One thing that may hide all this is is that the ones currently shouting loudest about disrupting finance seem to have a serious lack of understanding what finance actually is and how it works, and until they do, I don't think they disrupt anything.

You missed the most insidious innovation of all, derivative contracts and markets :-).

Yes, fully agree that over a larger horizon financial services have been evolving and innovating (not always in a controlled or beneficial manner).

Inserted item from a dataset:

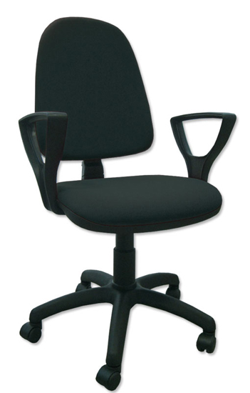 Sedia da ufficio multifunzionale. Base girevole in polipropilene per una grande robustezza e durata nel tempo. La sedia è dotata di appoggia braccia e schienale ergonomico per garantire un contatto continuo con la schiena. Quest'elemento garantisce un livello di comfort superiore oltre ad una corretta postura.

It is also true that previous digital innovations (databases, spreadsheets and... powerpoints) have been adopted (as in bought / licensed) and were instrumental to enable all these innovations on the financial side.

What the financial sector did not realize is that as the information universe coelesces and, e.g., advertisers or retailers come to invent and dominate technological platforms innovation cannot happen with rented tools.

> the ones currently shouting loudest about disrupting finance seem to have a serious lack of understanding what finance actually is

the disconnect between (digital) technical and domain knowledge is exactly what I think is the problem

one of the more effective ways to topple them is using laws that serve the people. but, as long as they still keep doing "lobbying", which is a corrupt practice in many other places, then we're not going see anything different.
Coincidentally, the audible book I was just listening to, mentioned how the VC firms in the mid-70s passed on investment opportunities with the mindset that start-ups cannot take on IBM.